PROVIDED INFORMATION Start Marker

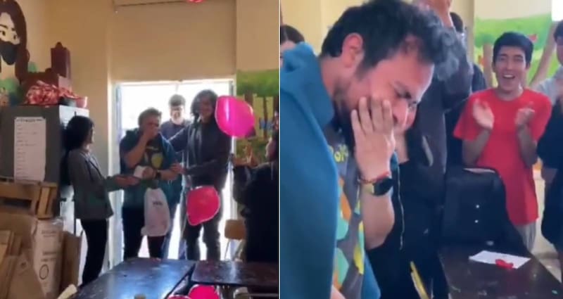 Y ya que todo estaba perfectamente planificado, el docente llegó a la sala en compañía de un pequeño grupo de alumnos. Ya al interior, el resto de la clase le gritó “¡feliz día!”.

PROVIDED INFORMATION End Marker
PROVIDED INFORMATION Start Marker

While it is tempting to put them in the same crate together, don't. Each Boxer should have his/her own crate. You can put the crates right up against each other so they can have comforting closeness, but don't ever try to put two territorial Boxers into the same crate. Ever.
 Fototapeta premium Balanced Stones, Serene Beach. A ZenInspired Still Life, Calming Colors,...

PROVIDED INFORMATION End Marker

AIM OF THE TASK »
In the listing above, locate the line containing "While it is" and the line containing "Fototapeta premium Balanced". Transcribe those two lines and everything between them, exactly as written.

ANSWER TO THIS TASK »
While it is tempting to put them in the same crate together, don't. Each Boxer should have his/her own crate. You can put the crates right up against each other so they can have comforting closeness, but don't ever try to put two territorial Boxers into the same crate. Ever.
 Fototapeta premium Balanced Stones, Serene Beach. A ZenInspired Still Life, Calming Colors,...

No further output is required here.